Colonoscopy can also be used to treat bleeding lesions, intestinal narrowing (strictures), remove foreign objects, relieve intestinal volvulus, and monitor colorectal cancer.

It may also be recommended after abnormal results on tests such as a fecal occult blood test or if X-rays show suspicious findings.

Colonoscopy prep

To prepare for a colonoscopy, it is usually recommended to:

  • Take the laxatives prescribed by the doctor the day before the exam to fully clear the intestines;

  • Drink plenty of water to help prevent dehydration from the laxatives;

  • Tell the doctor about all medications being taken, especially aspirin (ASA), blood thinners (anticoagulants), and diabetes medications, since the doctor may recommend stopping them or adjusting doses a few days before the exam;

  • Have someone accompany you, since sedation can cause sleepiness.

In addition, 2 to 3 days before the colonoscopy, a low-fiber colonoscopy prep diet is typically recommended, and the day before, a liquid diet.

On the day of the exam, complete fasting is required.

Is shaving necessary for a colonoscopy?

Shaving is not necessary for a colonoscopy, since hair around the anus does not affect the exam.

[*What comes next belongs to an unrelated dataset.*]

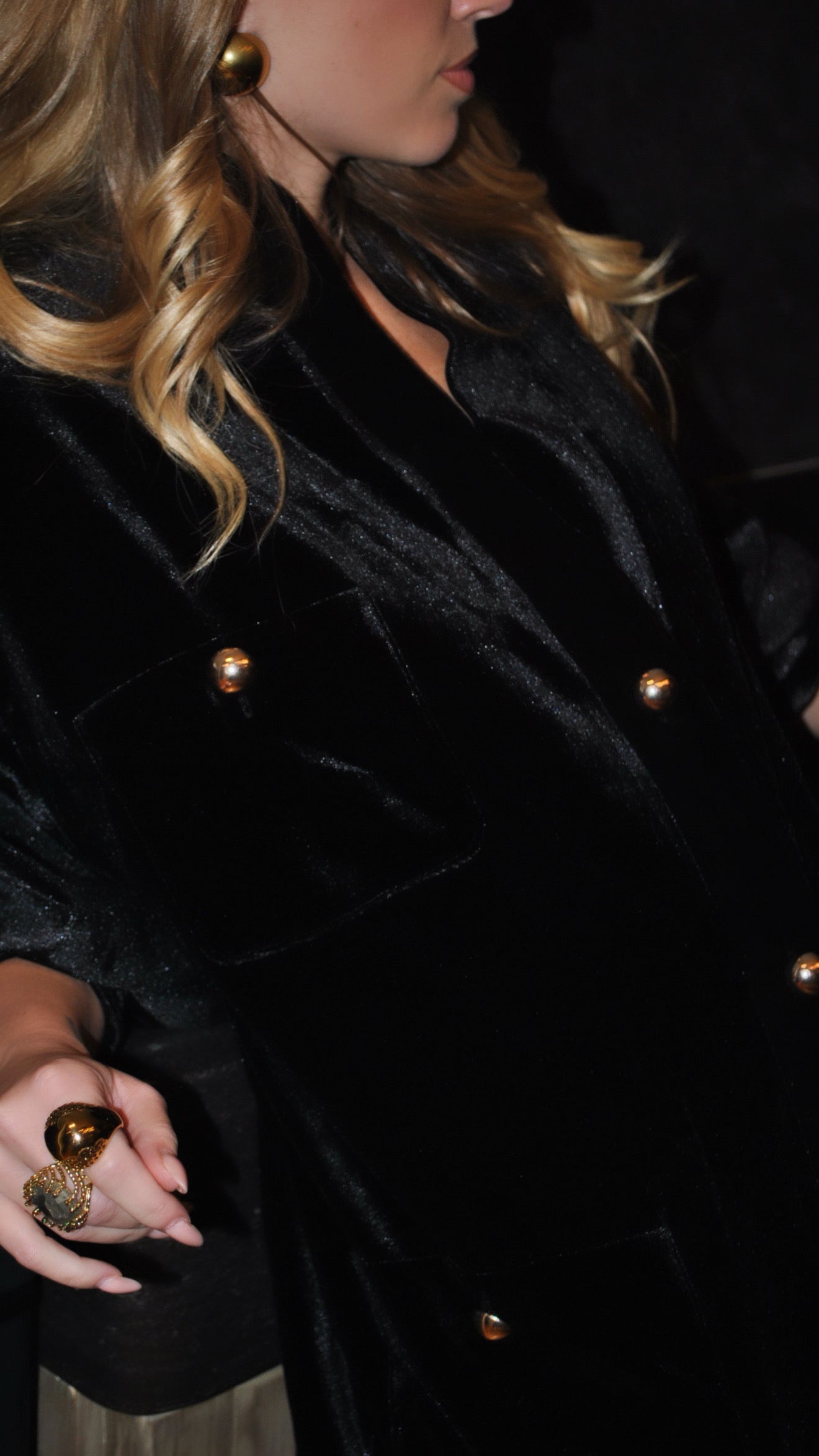 La veste oversize, structurée par de fines épaulettes, présente de grandes poches plaquées et des boutons bijoux qui apportent une touche précieuse. Elle se porte ouverte ou fermée pour varier les styles.

What matters most is following the prep instructions exactly as provided by the doctor.

Possible risks

Colonoscopy is generally considered a safe procedure with few risks.

Still, allergic reactions to sedatives, bleeding at the biopsy site or where a polyp was removed, or perforation of the colon or rectum can occur.

Post-polypectomy electrocoagulation syndrome can also occur when a polyp is removed using electrocautery.

Contraindications for the procedure

Colonoscopy is contraindicated during acute inflammation, such as:

  • Toxic megacolon;

  • Fulminant colitis;

  • Severe flares of ulcerative colitis or Crohn’s disease;

  • Acute diverticulitis.

In these cases, colonoscopy is usually delayed until the inflammation improves.

Colonoscopy should also be postponed if the person has recently had a heart attack, has peritonitis, or has hemodynamic instability.

Recent intestinal surgery or refusal to undergo the exam are absolute contraindications to colonoscopy.